Среди других созвучий нового Бендера фигурам романтических магов, демонов, искусителей и испытателей человеческих душ должна быть упомянута окружающая его в ЗТ пестрая компания. В первом романе Воробьянинов был для Бендера хоть и глупым, но равным по рангу партнером. Протагонисты ЗТ образуют структурно иную группу, отвечающую архетипам «учителя и учеников» или «повелителя и свиты». В терминах магико-демонической топики Паниковский, Балаганов, Козлевич — это оруженосцы, адъютанты, рабы и мелкие бесы, состоящие для поручений при могущественном хозяине, подобные слугам и помощникам графа Монте-Кристо, спутникам Воланда, двум вассалам Просперо, другу Шерлока Холмса доктору Уотсону или ученикам Учителя в романе Эренбурга. О равенстве здесь нет речи, и необязательна даже полная посвященность слуг/учеников в цели и планы шефа. Для подобной группы характерна иногда соотнесенность с различными составляющими человечества (национальное «diversity» учеников Хуренито) или даже стихиями мироздания (Ариель и Калибан как духи воздуха и земли). Три спутника Бендера ассоциируются (хотя, как и все другое в романе, лишь фигурально и в шутку) с основными элементами космоса: Паниковский — с землей, Балаганов — с водой, точнее, с морем, Козлевич — с небом [см ЗТ 1//32; ЗТ 6//17].
Можно заметить, что и в этом плане, как в ряде других, демонизм Бендера оказывается неабсолютным, сниженным элементами плутовства и авантюризма. Если слуги подлинного мага являются его верными орудиями и притом сами причастны к его сверхъестественным способностям (чистый пример — слуги Воланда), то подобранные в канаве компаньоны Бендера более чем ординарны, неспособны понять замыслы хозяина далее чисто жульнических задач и беспрерывно поддаются на соблазны, совершают промахи, выходят из подчинения, ставят общее предприятие под угрозу (отступничество «охмуренного» ксендзами Козлевича, нарушения дисциплины Паниковским, совращение им же наивного Балаганова и т. п.). Можно считать, таким образом, что в бендеровской компании ЗТ контаминированы два различных архетипа — с одной стороны, «маг и его свита» (Просперо, Воланд, Хуренито), а с другой — «путешествующий герой и его неразумные спутники», что характерно для авантюрных повествований (товарищи Одиссея, вызвавшие бедствие съедением быков Гелиоса; Том Джонс и Партридж; Нелл и дед в «Лавке древностей» Диккенса и др.). В первом романе, где Остапу сопутствует «дурак-компаньон», то и дело действующий во вред общему делу (как в случае растраты общих денег), но где магико-демоническая ипостась Бендера еще недостаточно прорезалась, из этих двух архетипов, по-видимому, представлен только второй.
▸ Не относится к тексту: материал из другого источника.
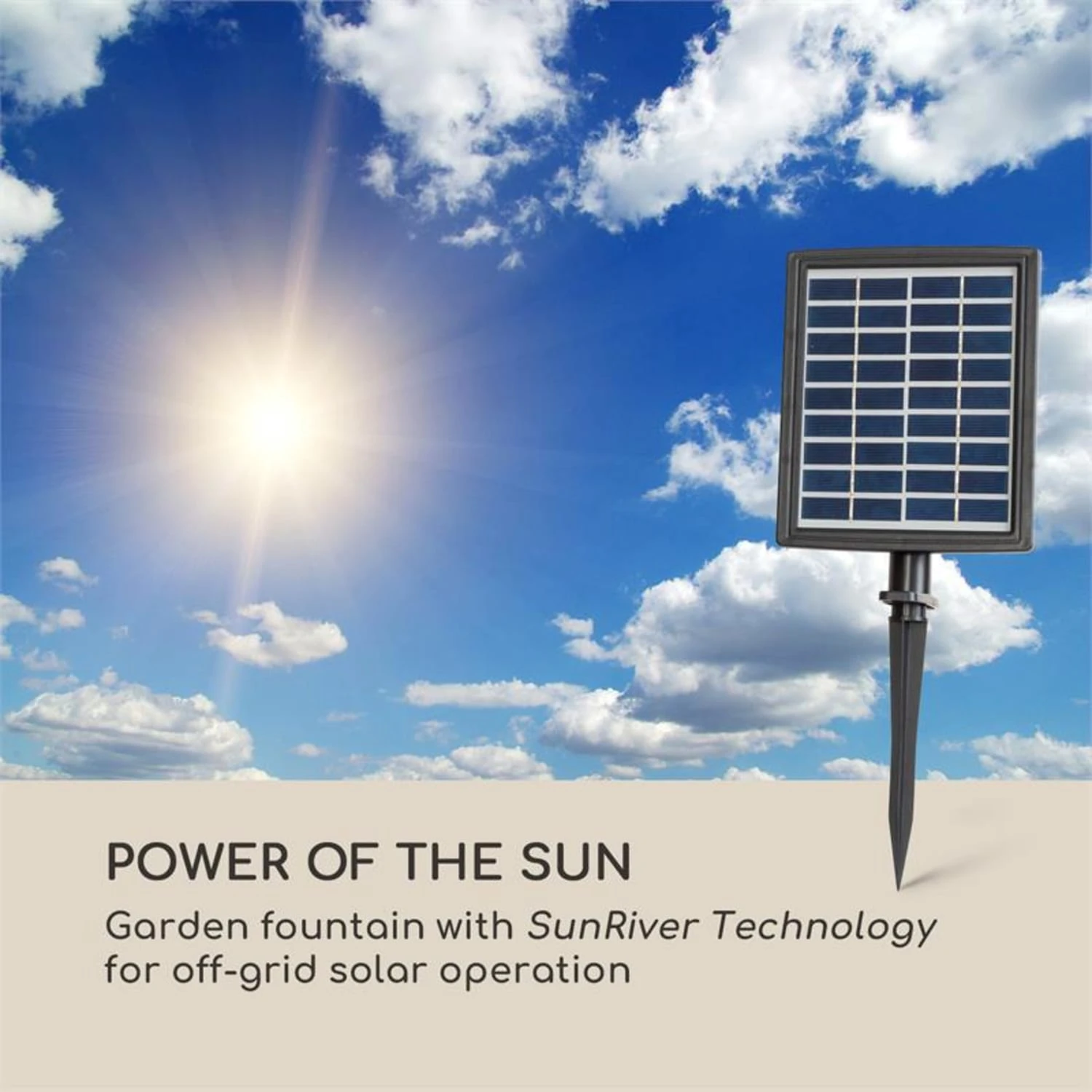 Die Sunriver Technology des Blumfeldt Mantua Kaskadenbrunnens sorgt mit einem 9 V / 2,8 W Solarpanel und dem integrierten Li-Ionen-Akku dafür, dass der Brunnen völlig stromnetzunabhängig arbeitet. Dank der Stromspeicherung im Akku ist sogar ein Nachtbetrieb von bis zu 5 Stunden möglich. Entspannen und Genießen: Sanft plätschernd ergießt sich das Wasser im stetigen Schwall über die vier Stufen des Brunnens. Und dank des Arbeitsprinzips im LoopFlow Concept ist dafür kein Wasseranschluss oder Nachfüllen nötig, die leistungsstarke Mini-Pumpe hält das einmal eingefüllte Wasser in stetigem Umlauf. Dabei sorgt sie für bis zu 100 cm Wasserhub und befördert bis zu 200 Liter Wasser in der Stunde.

Переход от Бендера ДС к Бендеру ЗТ, несмотря на исподволь назревавшие симптомы, весьма резок. Погибнув в конце первого романа, он во втором романе восстает из мертвых новым человеком. Это первая, но не последняя большая переориентация его образа. Отметим попутно, что операцию его «оживления» Ильф и Петров проводят обычным для них способом — через аппарат архетипов и литературных ассоциаций. Новое явление зарезанного было Бендера — это, во-первых, еще одна реминисценция из Конан Дойла (погибший и воскресший Шерлок Холмс), а во-вторых, то, что задним числом осмыслилось как архетип смерти-возрождения, с помощью которого обычно оформляются радикальные личностные перемены[27].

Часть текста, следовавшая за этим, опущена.